Single-Use Food-Delivery Packaging: What is the Real Cost of Convenience?

Like so many people these days, I love the convenience of having meal kits and groceries delivered to my home. But when a trash heap filled with cardboard boxes, gel packs and insulation began to accumulate in my garage, I started thinking about how many food deliveries are made during any given week in America. And it scared me.

 

It also opened my eyes to the environmental cost and impact of the ever-expanding food-delivery industry. Hello Fresh, the largest meal-kit delivery company in the U.S., delivered 63 million meal kits in the second quarter of 2020. That’s one company in one quarter.

 

The meal-kit delivery service market is expected to reach nearly $20 billion by 2027, a compound growth rate of nearly 13%, according to Grand View Research. It makes me feel guilty thinking about how much cardboard and plastic packaging waste will be produced as this sector continues to grow.

 

Recycling isn’t enough, and it isn’t the answer

Many well-meaning grocery and meal-kit delivery companies tout their eco-friendliness by saying they use recyclable materials. That’s nice, but only a fraction of recyclable materials ever actually get recycled. According to the Environmental Protection Agency, the total amount of municipal solid waste — various items consumers throw away after they are used — in the United States in 2018 was 292.4 million tons. Of that, approximately 69 million tons were recycled.

 

I did the math: Less than a quarter of the trash we produce is being recycled. The vast majority of single-use packaging materials wind up in a landfill: Supply Chain Solutions Center reports that 91% of packaging waste is sent to landfills or is in the environment. The environmental cost of that amount of waste is staggering.

 

The truth about choices

I knew there had to be a better way. Why do consumers even have to make a choice between convenience and the planet?

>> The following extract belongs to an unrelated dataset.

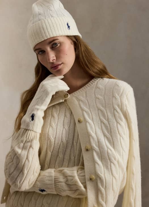 Envie de se sentir comme une Pinterest girl ? Difficile de faire plus juste que Ralph Lauren en hiver, surtout avec ce bonnet blanc en laine et cachemire torsadés au petit logo discret. Un accessoire passe-partout qui convient à tous les moods du jour.

The truth? We don’t. Fully reusable packaging materials, such as PackIt Fresh Freezable Grocery Delivery Totes, let us have both. The totes are reusable, freezable and efficient containers for transporting perishable food. They offer an easy, cost-efficient alternative to single-use packaging, and a simple yet super-cool way to keep food cold and fresh during final-mile deliveries. Quite simply, they lower the true cost of convenience for consumers.

 

Even HelloFresh is hopping on the reusability train in their sustainability efforts; they are testing out a reusable HelloFresh box in the Netherlands and Australia. The box is not recycled; it is picked up by their delivery service and used again for another shipment. Kudos to them! I hope others will follow their lead.

 

If packaging materials can be reused, they won’t have a negative impact on the planet. It’s food-delivery companies that need to make a choice to give their customers what they want — the convenience they crave and a safer planet — without a side dish of guilt.